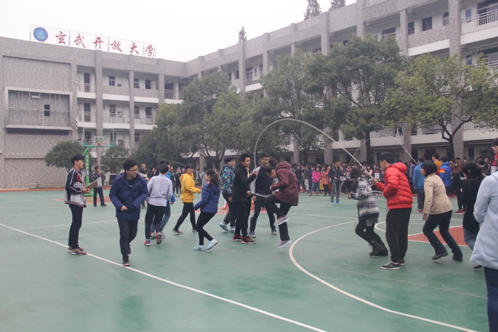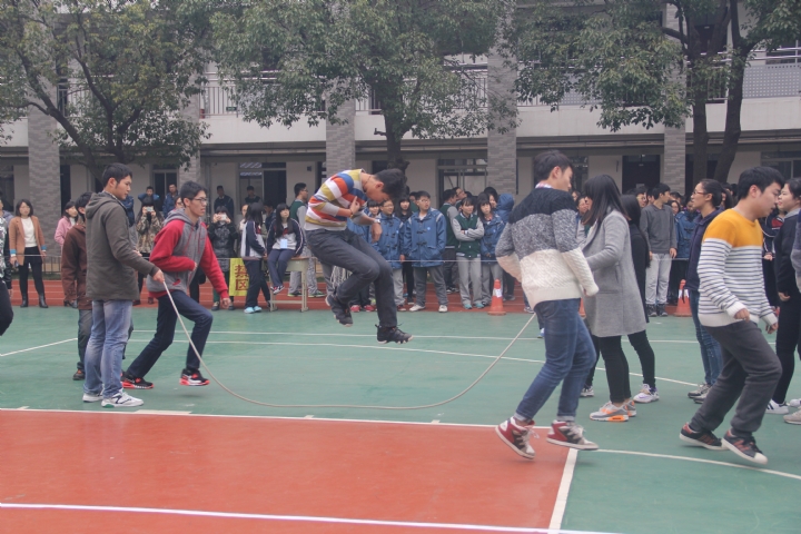 2015年12月1日中午12:30,安博网页版的操场上一片欢腾的景象,为广泛开展冬季阳光体育活动一小时,培养团结、拼搏的精神,在校园内举行了一场紧张、激烈的跳长绳比赛。
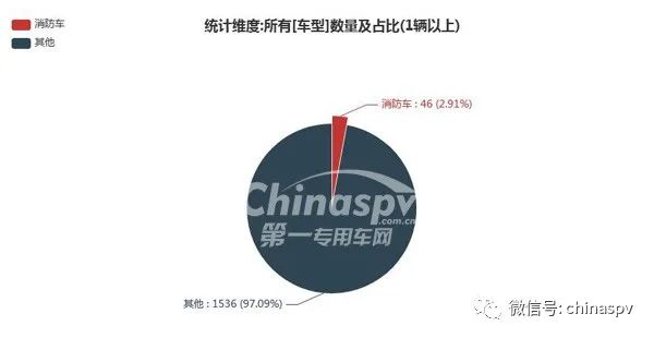 第353批新车产品公示中的1582辆产品中,消防车(46辆,占比2.91%)。
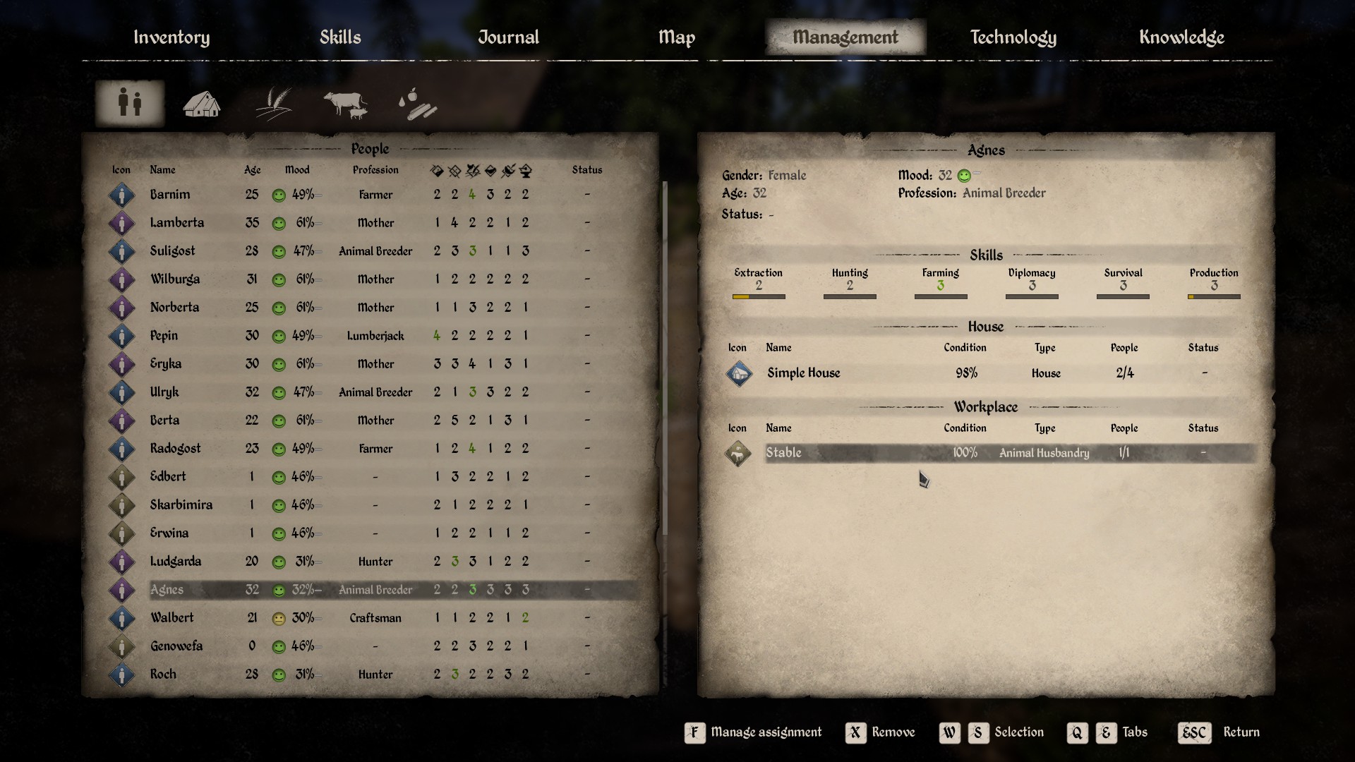 또한 직장이 있는 만큼의 주민만 모집하는 것이 좋습니다. 각 작업자 건물에는 거주자에게 할당할 수 있는 제한된 수의 선별된 직업 유형이 있습니다. 다시 한 번, 생산성을 극대화하기 위해 작업을 할당할 때 각 주민의 기술을 고려하십시오. 인스펙터 모드에서 볼 수 있는 모집 가능한 주민; 그들의 기술 특성은 HUD로 표시됩니다.
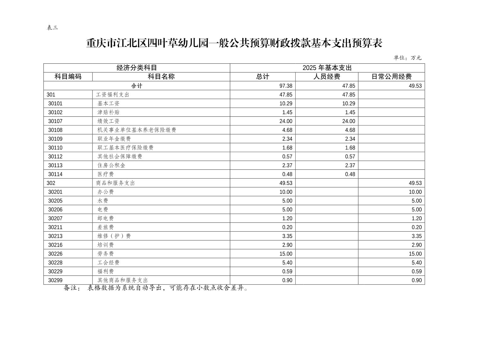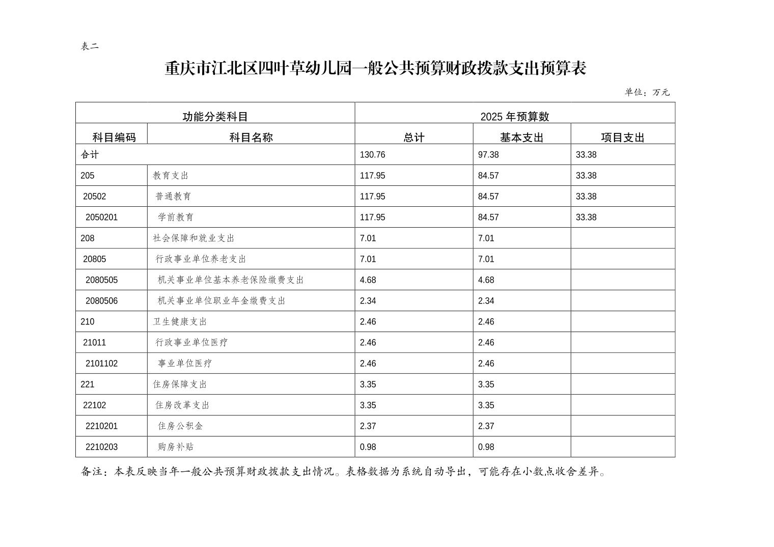 重慶市江北區(qū)四葉草幼兒園2025年單位預(yù)算情況說明

::::::::::

Exactly the lines from the line with "또한 직장이 있는 만큼의" through the end of the data are to be reproduced, and no picture is to be included.

(Output)
 또한 직장이 있는 만큼의 주민만 모집하는 것이 좋습니다. 각 작업자 건물에는 거주자에게 할당할 수 있는 제한된 수의 선별된 직업 유형이 있습니다. 다시 한 번, 생산성을 극대화하기 위해 작업을 할당할 때 각 주민의 기술을 고려하십시오. 인스펙터 모드에서 볼 수 있는 모집 가능한 주민; 그들의 기술 특성은 HUD로 표시됩니다.
 重慶市江北區(qū)四葉草幼兒園2025年單位預(yù)算情況說明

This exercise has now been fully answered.